# [WORK REQUEST]
Each entry must come back word for word; drop the images as you go.
★ ★ ★ ★ ★ ★ ★
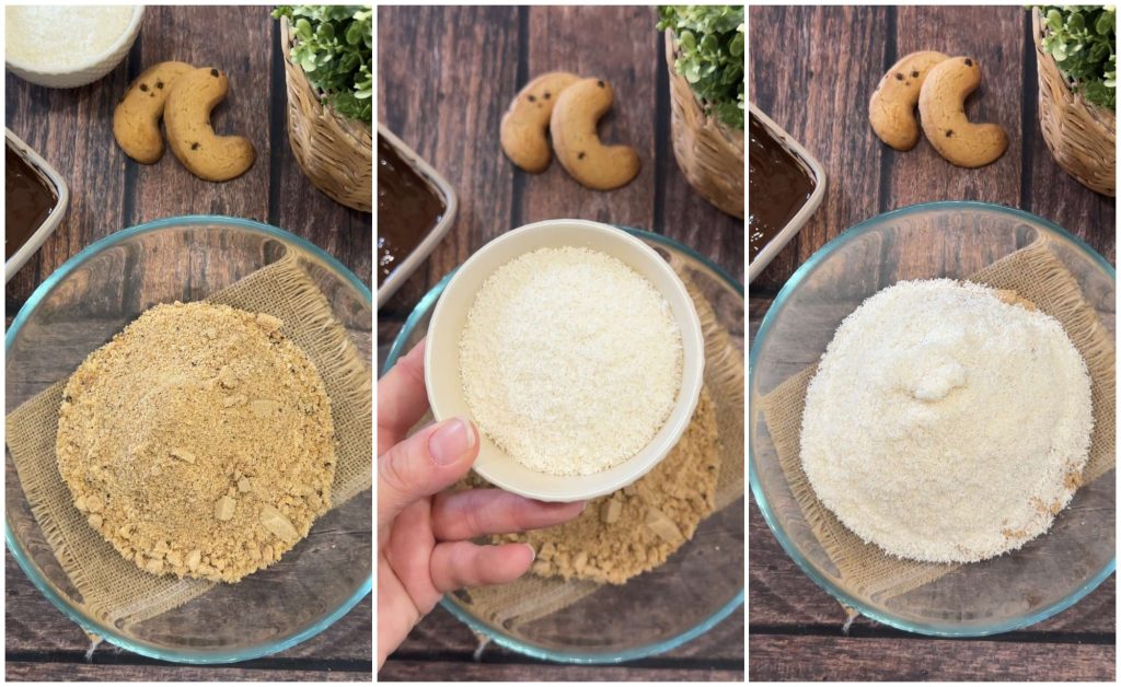Once melted, combine the chocolate with the other ingredients and add the coconut flour (or grated coconut, also known as coconut rapé).
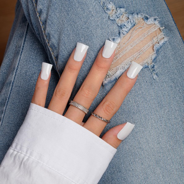 - Medium Nails Press ons in Minutes:Skip the salon without compromising on quality. These easy-to-apply press on white nails press on give you a salon-fresh finish in minutes, saving you time while delivering a clean, polished appearance that lasts
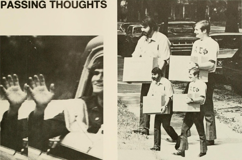 Though it could possibly be the sun or the moon shining through the tree's branches, we've seen enough mysteriously glowing trees in old yearbooks that we take nothing for granted. From UNC Chapel Hill's 1963 yearbook.
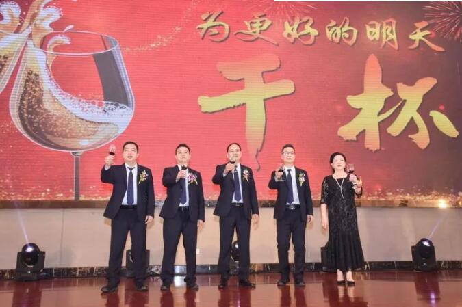 隨后,黃冠明副總(下圖右二)、林超副總(下圖左二)、胡振軍副總(下圖左一)、梁敏副總(下圖右一)上臺與董事長林棟禮先生(圖中)舉杯祝酒,預(yù)祝大方旅游在2019年再創(chuàng)輝煌!
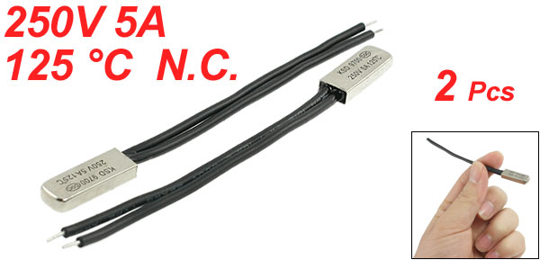 Product Name Temperature Control Switch Material Plastic, Bimetal Model KSD9700 Type N.C.9Normal Close) Contact Capacity 250V 5A Max Rated Disconnection Temperature 125C/257F Active Temperature 125± 5 °C Reset Temperature 90 ± 12 °C Color Black, Silver Tone Contact Cable Length 80mm/3.1" Head Size 20 x 7 x 3mm/0.8" x 0.3" x 0.1"(L*W*T) Weight 7g Package Content 2 x Temperature Control Switch - Reviews
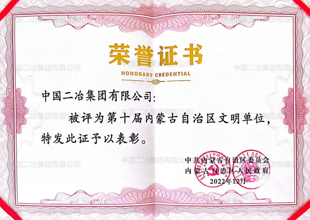 2023年,中國二冶順利通過內蒙古自治區文明單位審核,7月收到由中共內蒙古自治區委員會、內蒙古自治區人民政府頒發的“內蒙古自治區文明單位”獎牌和證書。這是中國二冶精神文明建設的一枚勛章,也為企業高質量健康發展再添不竭動力。
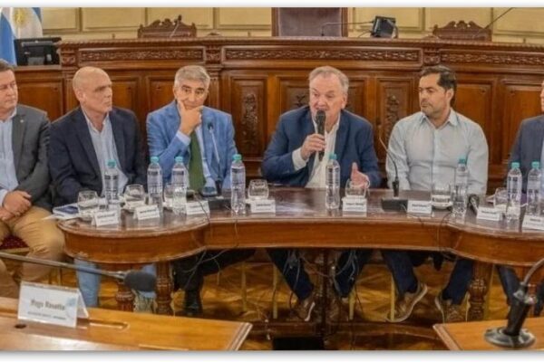 El gobernador Maximiliano Pullaro, acompañado por el ministro de Desarrollo Productivo de Santa Fe, Gustavo Puccini, presentó al canciller de…
★ ★ ★ ★ ★ ★ ★
# [OUTPUT BELOW]
Once melted, combine the chocolate with the other ingredients and add the coconut flour (or grated coconut, also known as coconut rapé).
 - Medium Nails Press ons in Minutes:Skip the salon without compromising on quality. These easy-to-apply press on white nails press on give you a salon-fresh finish in minutes, saving you time while delivering a clean, polished appearance that lasts
 Though it could possibly be the sun or the moon shining through the tree's branches, we've seen enough mysteriously glowing trees in old yearbooks that we take nothing for granted. From UNC Chapel Hill's 1963 yearbook.
 隨后,黃冠明副總(下圖右二)、林超副總(下圖左二)、胡振軍副總(下圖左一)、梁敏副總(下圖右一)上臺與董事長林棟禮先生(圖中)舉杯祝酒,預(yù)祝大方旅游在2019年再創(chuàng)輝煌!
 Product Name Temperature Control Switch Material Plastic, Bimetal Model KSD9700 Type N.C.9Normal Close) Contact Capacity 250V 5A Max Rated Disconnection Temperature 125C/257F Active Temperature 125± 5 °C Reset Temperature 90 ± 12 °C Color Black, Silver Tone Contact Cable Length 80mm/3.1" Head Size 20 x 7 x 3mm/0.8" x 0.3" x 0.1"(L*W*T) Weight 7g Package Content 2 x Temperature Control Switch - Reviews
 2023年,中國二冶順利通過內蒙古自治區文明單位審核,7月收到由中共內蒙古自治區委員會、內蒙古自治區人民政府頒發的“內蒙古自治區文明單位”獎牌和證書。這是中國二冶精神文明建設的一枚勛章,也為企業高質量健康發展再添不竭動力。
 El gobernador Maximiliano Pullaro, acompañado por el ministro de Desarrollo Productivo de Santa Fe, Gustavo Puccini, presentó al canciller de…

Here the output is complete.